2. Materials and methods
2.1. Study subjects
The Sapporo city administration has made adjustments to medical facilities that would admit COVID-19 patients based on the degree of severity and the state of the infection. During the early phase, all patients who had a positive PCR test for SARS-CoV-2 required hospitalization in quarantine. During the later phase, accommodations for those with no or mild symptoms were provided. Based on repeated discussions with the directors of many hospitals and the Sapporo city administration, the Hokkaido Medical Center and Sapporo Medical University Hospital were designated to accept patients with a wide range of severity, ranging from mild to severe, who required hospitalization. Therefore, we analyzed the characteristics of the patients admitted in these two hospitals: Hokkaido Medical Center (n = 154) and Sapporo Medical University Hospital (n = 106), between February 26 and August 21, 2020. The diagnosis of COVID-19 in each patient was based on a positive nasopharyngeal PCR result [1,2]. The protocol for this study was approved by the ethics committee of each hospital.
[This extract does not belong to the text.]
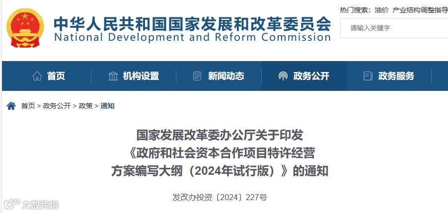 国家发展改革委办公厅关于印发《政府和社会资本合作项目特许经营方案编写大纲(2024年试行版)》的通知

The severity of the COVID-19 infection was defined by the guidelines on the clinical management of patients with COVID-19, with mild cases consisting of those not requiring oxygen administration, moderate cases as those requiring oxygen, and severe cases as those requiring mechanical ventilation. Basically, the treatment strategy followed the official Japanese guidelines that were developed by the Ministry of Health, Labour, and Welfare [3].
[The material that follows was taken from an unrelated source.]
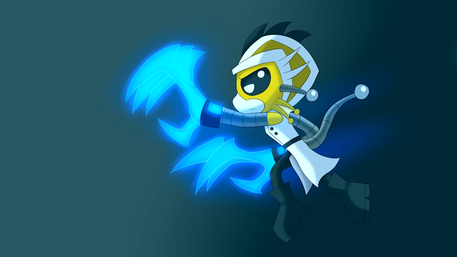 Azura used to live in an underwater city before getting captured and turned into a robot monkey, her hands turn into liquid energy and she controls how sharp or "watery" they are, hence the neon glow.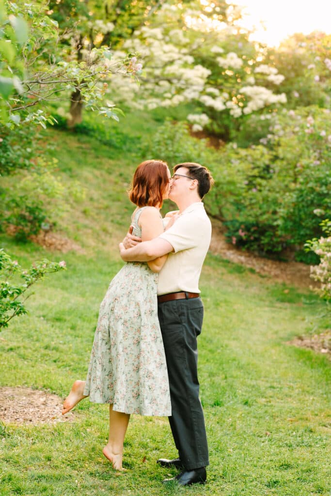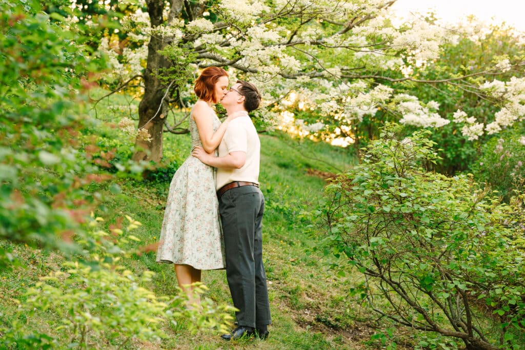 Claire and Connor had the most incredible spring Arnold Arboretum engagement session. Spring is when the Arnold Arboretum becomes truly otherworldly. The park bursts into color as the trees bloom, transforming into a dreamscape of soft petals and golden light. During their session, the golden hour glow filtered through layers of vibrant spring flowers, creating a scene that felt like something out of a fairytale.

2.2. Social events in sapporo during the observational period
The first case of COVID-19 infection in Japan was confirmed on January 28, 2020 in Hokkaido, three days after the Spring Festival in China (formerly “Chinese New Year”). The infected individual was a Chinese woman in her 40s who had visited Hokkaido from Wuhan city, China, on January 21, 2020. Thereafter, approximately two million tourists from various countries including China visited Sapporo for the Sapporo Snow Festival, which was held from January 31 to February 11. After the second infected individual was confirmed on February 14, 2020, the number of infected individuals started to increase, and on February 28, the governor of Hokkaido declared a state of emergency.
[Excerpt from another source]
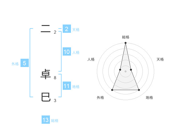二 卓巳さんの総格は13画の5点!

The first state of emergency declaration was made over the period from February 28 to March 19, and individuals had to observe the following rules: (1) thorough measures to prevent the spread of infection, (2) requests to stay at home, (3) requests to stop using facilities and holding events (cooperation requested), and (4) promotion of social distancing. Subsequently, the number of infected patients decreased. However, as the number of infected individuals started to increase again, a second declaration of a state of emergency was made over the period from April 17 to May 24.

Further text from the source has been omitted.